Moving Beyond Blocks
Over the past several years, there has been tremendous growth in access to computer science instruction. This is largely due to the great work by the Scratch team at MIT and organizations like Code.org. They have made learning computer science principles easy through simple, drag-and-drop, block-based coding. These entities have paved the way to grow interest in computer science for students early on.
As the Senior Product Manager of coding solutions at Learning.com, I often speak with educators on their teaching experiences. Recently I heard from several computer science teachers that shared thoughts with me about their student’s coding experience. I was told about how their students enrolled in an introductory computer science course that leveraged a block-based environment to teach basic computer science concepts so as to not get too bogged down in syntax.

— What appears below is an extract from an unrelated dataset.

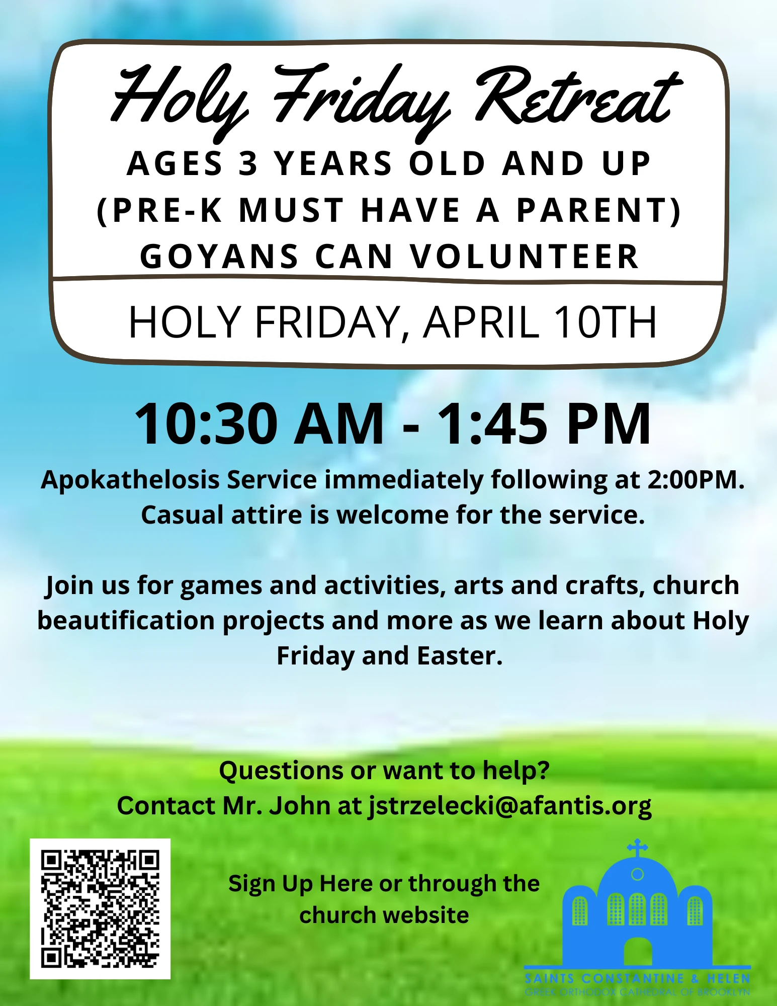 Join us for a meaningful Holy Friday Youth Retreat at Saints Constantine and Helen Cathedral on Friday, April 10th from 10:30 AM to 1:45 PM in the Church Hall. The day will conclude with the Apokathelosis Service at 2:00 PM, which families will attend together.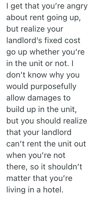 My rent is up nearly $1,300 since I started but now the natural damage to the place I barely use is going to really hurt them (foundation, rot in attic, water spots).

Although the course thoroughly covered the required topics, as students progressed through the course, they began to ask when they would learn to do “real coding.” Despite learning solid concepts in computer science, these students did not perceive themselves as learning a “real” skill. They were not developing confidence in their computer science capabilities.
What is block-based coding?
Block-based coding is an introductory programming language that allows computer programs to be built by dragging and dropping blocks. The block-based coding approach has made it possible for students to start learning and experimenting with coding concepts before writing lines of code.
While block-based coding environments improve access to computer science education, some studies suggest that younger students who start out using block-based coding have a difficult time transitioning to text-based, real-world coding environments.
So is block-based coding valuable to students? I believe the answer is a resounding yes. Block-based environments help spark an initial interest in computer science and programming careers. They also can help students see the possibilities of computer science, and it can help them grasp core concepts early.
What should be done?
While an interest in coding is ignited with block-based coding, students should transition to text-based programming as soon as possible. By starting with languages with simpler syntax, such as CoffeeScript or Python, it can make it easy for students to learn text-based languages and develop their confidence in real-world coding languages. They can even be helpful as additional stepping stones to approaching more complex languages while building up confidence in real-world coding skills.
What seems clear is that the sooner students transition to text-based programming, the sooner they will gain confidence in both text-based languages and languages that are used outside the classroom. By equipping students to become capable coders, in the long run they’ll be more likely to succeed in the careers of today and tomorrow.